## What is expected
Your answer must be an exact copy of every record below.

---------- Supplied data

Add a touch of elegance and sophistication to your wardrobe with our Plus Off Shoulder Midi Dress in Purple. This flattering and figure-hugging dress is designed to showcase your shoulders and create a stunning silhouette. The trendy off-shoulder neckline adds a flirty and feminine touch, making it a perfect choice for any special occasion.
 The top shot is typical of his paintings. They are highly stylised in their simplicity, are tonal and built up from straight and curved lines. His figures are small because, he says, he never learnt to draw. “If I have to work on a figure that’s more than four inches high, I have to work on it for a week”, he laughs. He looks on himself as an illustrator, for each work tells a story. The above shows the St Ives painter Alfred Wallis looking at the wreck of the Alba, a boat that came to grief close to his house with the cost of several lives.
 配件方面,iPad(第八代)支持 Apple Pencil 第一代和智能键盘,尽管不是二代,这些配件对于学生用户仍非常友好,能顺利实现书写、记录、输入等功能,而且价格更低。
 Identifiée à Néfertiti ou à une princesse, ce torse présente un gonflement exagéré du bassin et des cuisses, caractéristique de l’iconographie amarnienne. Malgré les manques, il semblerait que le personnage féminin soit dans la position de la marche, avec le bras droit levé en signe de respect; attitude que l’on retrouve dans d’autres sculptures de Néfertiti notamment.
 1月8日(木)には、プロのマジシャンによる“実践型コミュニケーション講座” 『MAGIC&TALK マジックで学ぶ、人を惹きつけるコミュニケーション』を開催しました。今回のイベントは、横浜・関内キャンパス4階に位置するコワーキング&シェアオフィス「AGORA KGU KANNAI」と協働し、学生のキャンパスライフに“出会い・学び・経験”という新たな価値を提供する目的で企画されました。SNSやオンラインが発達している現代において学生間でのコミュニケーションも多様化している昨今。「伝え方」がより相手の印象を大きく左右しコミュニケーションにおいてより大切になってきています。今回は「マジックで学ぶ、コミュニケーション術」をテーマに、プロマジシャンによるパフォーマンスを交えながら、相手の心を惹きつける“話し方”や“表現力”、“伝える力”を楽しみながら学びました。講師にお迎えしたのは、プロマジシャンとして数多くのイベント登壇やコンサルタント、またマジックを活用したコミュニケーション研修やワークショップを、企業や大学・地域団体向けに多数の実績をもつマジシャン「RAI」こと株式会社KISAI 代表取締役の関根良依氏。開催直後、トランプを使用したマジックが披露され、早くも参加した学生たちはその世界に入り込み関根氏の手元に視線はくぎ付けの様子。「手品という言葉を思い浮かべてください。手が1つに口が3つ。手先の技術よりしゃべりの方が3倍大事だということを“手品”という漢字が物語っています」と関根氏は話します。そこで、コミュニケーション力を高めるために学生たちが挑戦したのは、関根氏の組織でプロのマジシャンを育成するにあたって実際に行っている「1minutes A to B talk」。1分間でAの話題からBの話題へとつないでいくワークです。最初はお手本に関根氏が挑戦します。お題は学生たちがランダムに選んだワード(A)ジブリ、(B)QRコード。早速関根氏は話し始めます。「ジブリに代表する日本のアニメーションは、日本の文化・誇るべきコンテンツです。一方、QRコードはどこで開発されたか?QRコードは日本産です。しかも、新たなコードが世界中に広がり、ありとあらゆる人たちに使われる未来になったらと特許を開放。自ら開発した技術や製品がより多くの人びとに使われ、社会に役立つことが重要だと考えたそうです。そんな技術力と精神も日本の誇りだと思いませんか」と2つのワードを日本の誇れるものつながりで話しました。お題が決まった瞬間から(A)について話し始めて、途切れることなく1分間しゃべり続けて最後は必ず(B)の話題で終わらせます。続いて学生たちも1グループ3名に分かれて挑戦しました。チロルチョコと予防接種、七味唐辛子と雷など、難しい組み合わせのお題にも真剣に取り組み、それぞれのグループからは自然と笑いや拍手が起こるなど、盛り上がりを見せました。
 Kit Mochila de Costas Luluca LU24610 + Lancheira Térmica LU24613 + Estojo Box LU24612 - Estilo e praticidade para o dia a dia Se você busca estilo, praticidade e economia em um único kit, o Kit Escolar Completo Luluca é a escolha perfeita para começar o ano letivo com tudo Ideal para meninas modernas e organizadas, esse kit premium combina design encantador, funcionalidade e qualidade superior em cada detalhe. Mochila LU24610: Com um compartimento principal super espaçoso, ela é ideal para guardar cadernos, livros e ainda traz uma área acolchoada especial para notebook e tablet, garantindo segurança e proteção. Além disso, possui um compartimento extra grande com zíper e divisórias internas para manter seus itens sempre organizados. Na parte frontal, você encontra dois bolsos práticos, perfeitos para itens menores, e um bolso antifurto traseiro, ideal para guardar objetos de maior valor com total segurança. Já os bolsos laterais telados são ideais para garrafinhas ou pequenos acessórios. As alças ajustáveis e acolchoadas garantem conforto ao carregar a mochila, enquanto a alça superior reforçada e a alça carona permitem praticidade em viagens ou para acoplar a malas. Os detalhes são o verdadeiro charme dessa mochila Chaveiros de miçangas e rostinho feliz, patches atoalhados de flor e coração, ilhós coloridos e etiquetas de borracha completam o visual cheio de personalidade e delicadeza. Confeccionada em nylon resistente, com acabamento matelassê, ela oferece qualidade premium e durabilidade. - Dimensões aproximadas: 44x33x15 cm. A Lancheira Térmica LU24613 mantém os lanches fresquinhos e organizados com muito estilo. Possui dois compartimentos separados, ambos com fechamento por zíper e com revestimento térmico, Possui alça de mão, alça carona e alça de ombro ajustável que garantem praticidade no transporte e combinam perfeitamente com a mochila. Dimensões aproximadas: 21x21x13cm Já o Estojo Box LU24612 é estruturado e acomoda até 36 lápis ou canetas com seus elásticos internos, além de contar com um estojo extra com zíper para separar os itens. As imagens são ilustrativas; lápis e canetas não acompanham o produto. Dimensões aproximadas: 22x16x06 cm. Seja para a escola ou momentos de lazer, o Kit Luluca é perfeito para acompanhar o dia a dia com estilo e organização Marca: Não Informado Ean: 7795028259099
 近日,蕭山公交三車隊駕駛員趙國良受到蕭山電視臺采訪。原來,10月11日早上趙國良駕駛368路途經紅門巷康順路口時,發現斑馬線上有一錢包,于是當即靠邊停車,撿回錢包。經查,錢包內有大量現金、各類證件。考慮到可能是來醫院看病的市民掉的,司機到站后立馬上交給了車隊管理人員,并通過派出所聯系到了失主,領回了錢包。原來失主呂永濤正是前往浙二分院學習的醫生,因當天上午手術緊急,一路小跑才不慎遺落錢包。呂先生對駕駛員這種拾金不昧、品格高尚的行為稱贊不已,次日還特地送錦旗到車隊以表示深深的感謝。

--------------------

## Answer box
Add a touch of elegance and sophistication to your wardrobe with our Plus Off Shoulder Midi Dress in Purple. This flattering and figure-hugging dress is designed to showcase your shoulders and create a stunning silhouette. The trendy off-shoulder neckline adds a flirty and feminine touch, making it a perfect choice for any special occasion.
 The top shot is typical of his paintings. They are highly stylised in their simplicity, are tonal and built up from straight and curved lines. His figures are small because, he says, he never learnt to draw. “If I have to work on a figure that’s more than four inches high, I have to work on it for a week”, he laughs. He looks on himself as an illustrator, for each work tells a story. The above shows the St Ives painter Alfred Wallis looking at the wreck of the Alba, a boat that came to grief close to his house with the cost of several lives.
 配件方面,iPad(第八代)支持 Apple Pencil 第一代和智能键盘,尽管不是二代,这些配件对于学生用户仍非常友好,能顺利实现书写、记录、输入等功能,而且价格更低。
 Identifiée à Néfertiti ou à une princesse, ce torse présente un gonflement exagéré du bassin et des cuisses, caractéristique de l’iconographie amarnienne. Malgré les manques, il semblerait que le personnage féminin soit dans la position de la marche, avec le bras droit levé en signe de respect; attitude que l’on retrouve dans d’autres sculptures de Néfertiti notamment.
 1月8日(木)には、プロのマジシャンによる“実践型コミュニケーション講座” 『MAGIC&TALK マジックで学ぶ、人を惹きつけるコミュニケーション』を開催しました。今回のイベントは、横浜・関内キャンパス4階に位置するコワーキング&シェアオフィス「AGORA KGU KANNAI」と協働し、学生のキャンパスライフに“出会い・学び・経験”という新たな価値を提供する目的で企画されました。SNSやオンラインが発達している現代において学生間でのコミュニケーションも多様化している昨今。「伝え方」がより相手の印象を大きく左右しコミュニケーションにおいてより大切になってきています。今回は「マジックで学ぶ、コミュニケーション術」をテーマに、プロマジシャンによるパフォーマンスを交えながら、相手の心を惹きつける“話し方”や“表現力”、“伝える力”を楽しみながら学びました。講師にお迎えしたのは、プロマジシャンとして数多くのイベント登壇やコンサルタント、またマジックを活用したコミュニケーション研修やワークショップを、企業や大学・地域団体向けに多数の実績をもつマジシャン「RAI」こと株式会社KISAI 代表取締役の関根良依氏。開催直後、トランプを使用したマジックが披露され、早くも参加した学生たちはその世界に入り込み関根氏の手元に視線はくぎ付けの様子。「手品という言葉を思い浮かべてください。手が1つに口が3つ。手先の技術よりしゃべりの方が3倍大事だということを“手品”という漢字が物語っています」と関根氏は話します。そこで、コミュニケーション力を高めるために学生たちが挑戦したのは、関根氏の組織でプロのマジシャンを育成するにあたって実際に行っている「1minutes A to B talk」。1分間でAの話題からBの話題へとつないでいくワークです。最初はお手本に関根氏が挑戦します。お題は学生たちがランダムに選んだワード(A)ジブリ、(B)QRコード。早速関根氏は話し始めます。「ジブリに代表する日本のアニメーションは、日本の文化・誇るべきコンテンツです。一方、QRコードはどこで開発されたか?QRコードは日本産です。しかも、新たなコードが世界中に広がり、ありとあらゆる人たちに使われる未来になったらと特許を開放。自ら開発した技術や製品がより多くの人びとに使われ、社会に役立つことが重要だと考えたそうです。そんな技術力と精神も日本の誇りだと思いませんか」と2つのワードを日本の誇れるものつながりで話しました。お題が決まった瞬間から(A)について話し始めて、途切れることなく1分間しゃべり続けて最後は必ず(B)の話題で終わらせます。続いて学生たちも1グループ3名に分かれて挑戦しました。チロルチョコと予防接種、七味唐辛子と雷など、難しい組み合わせのお題にも真剣に取り組み、それぞれのグループからは自然と笑いや拍手が起こるなど、盛り上がりを見せました。
 Kit Mochila de Costas Luluca LU24610 + Lancheira Térmica LU24613 + Estojo Box LU24612 - Estilo e praticidade para o dia a dia Se você busca estilo, praticidade e economia em um único kit, o Kit Escolar Completo Luluca é a escolha perfeita para começar o ano letivo com tudo Ideal para meninas modernas e organizadas, esse kit premium combina design encantador, funcionalidade e qualidade superior em cada detalhe. Mochila LU24610: Com um compartimento principal super espaçoso, ela é ideal para guardar cadernos, livros e ainda traz uma área acolchoada especial para notebook e tablet, garantindo segurança e proteção. Além disso, possui um compartimento extra grande com zíper e divisórias internas para manter seus itens sempre organizados. Na parte frontal, você encontra dois bolsos práticos, perfeitos para itens menores, e um bolso antifurto traseiro, ideal para guardar objetos de maior valor com total segurança. Já os bolsos laterais telados são ideais para garrafinhas ou pequenos acessórios. As alças ajustáveis e acolchoadas garantem conforto ao carregar a mochila, enquanto a alça superior reforçada e a alça carona permitem praticidade em viagens ou para acoplar a malas. Os detalhes são o verdadeiro charme dessa mochila Chaveiros de miçangas e rostinho feliz, patches atoalhados de flor e coração, ilhós coloridos e etiquetas de borracha completam o visual cheio de personalidade e delicadeza. Confeccionada em nylon resistente, com acabamento matelassê, ela oferece qualidade premium e durabilidade. - Dimensões aproximadas: 44x33x15 cm. A Lancheira Térmica LU24613 mantém os lanches fresquinhos e organizados com muito estilo. Possui dois compartimentos separados, ambos com fechamento por zíper e com revestimento térmico, Possui alça de mão, alça carona e alça de ombro ajustável que garantem praticidade no transporte e combinam perfeitamente com a mochila. Dimensões aproximadas: 21x21x13cm Já o Estojo Box LU24612 é estruturado e acomoda até 36 lápis ou canetas com seus elásticos internos, além de contar com um estojo extra com zíper para separar os itens. As imagens são ilustrativas; lápis e canetas não acompanham o produto. Dimensões aproximadas: 22x16x06 cm. Seja para a escola ou momentos de lazer, o Kit Luluca é perfeito para acompanhar o dia a dia com estilo e organização Marca: Não Informado Ean: 7795028259099
 近日,蕭山公交三車隊駕駛員趙國良受到蕭山電視臺采訪。原來,10月11日早上趙國良駕駛368路途經紅門巷康順路口時,發現斑馬線上有一錢包,于是當即靠邊停車,撿回錢包。經查,錢包內有大量現金、各類證件。考慮到可能是來醫院看病的市民掉的,司機到站后立馬上交給了車隊管理人員,并通過派出所聯系到了失主,領回了錢包。原來失主呂永濤正是前往浙二分院學習的醫生,因當天上午手術緊急,一路小跑才不慎遺落錢包。呂先生對駕駛員這種拾金不昧、品格高尚的行為稱贊不已,次日還特地送錦旗到車隊以表示深深的感謝。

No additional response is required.